### [Given material]

----------------------------------------

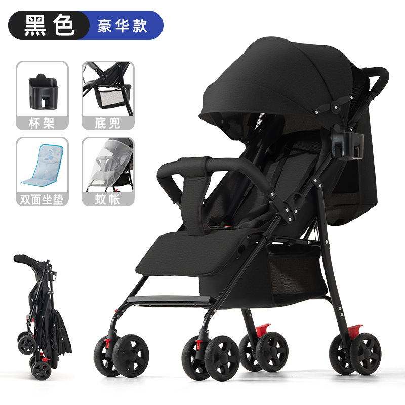 - M005-单向推车-黑色-豪华款-可坐可躺(一键折叠)
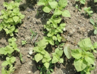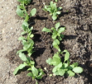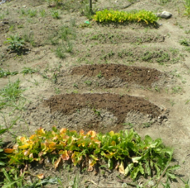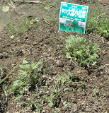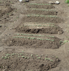 ジャガイモが芽をだした。カブの間引き後。 |
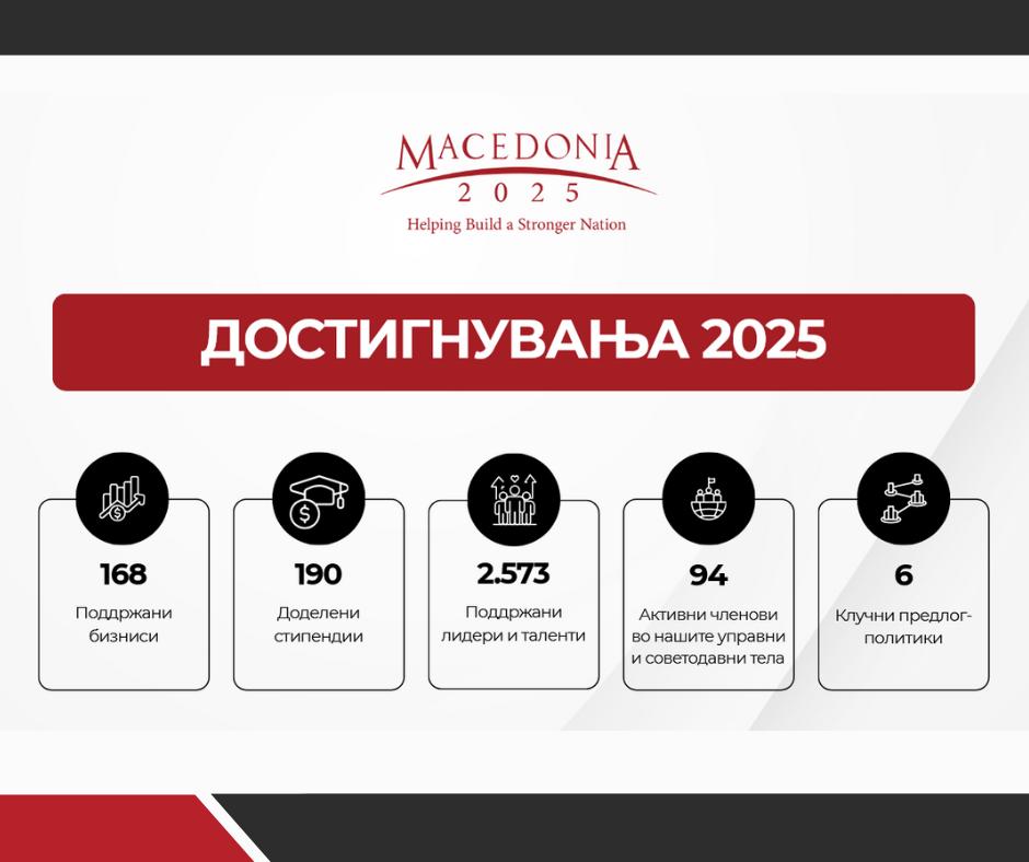 Македонија2025 со рекордни резултати во 2025: поддржани 2.573 лидери и таленти, 168 бизниси и 190 стипендисти

----------------------------------------

### [Task]
The data above is to be printed exactly, all of it, except for the pictures.

### [Your response]
 - M005-单向推车-黑色-豪华款-可坐可躺(一键折叠)
 ジャガイモが芽をだした。カブの間引き後。 |
 Македонија2025 со рекордни резултати во 2025: поддржани 2.573 лидери и таленти, 168 бизниси и 190 стипендисти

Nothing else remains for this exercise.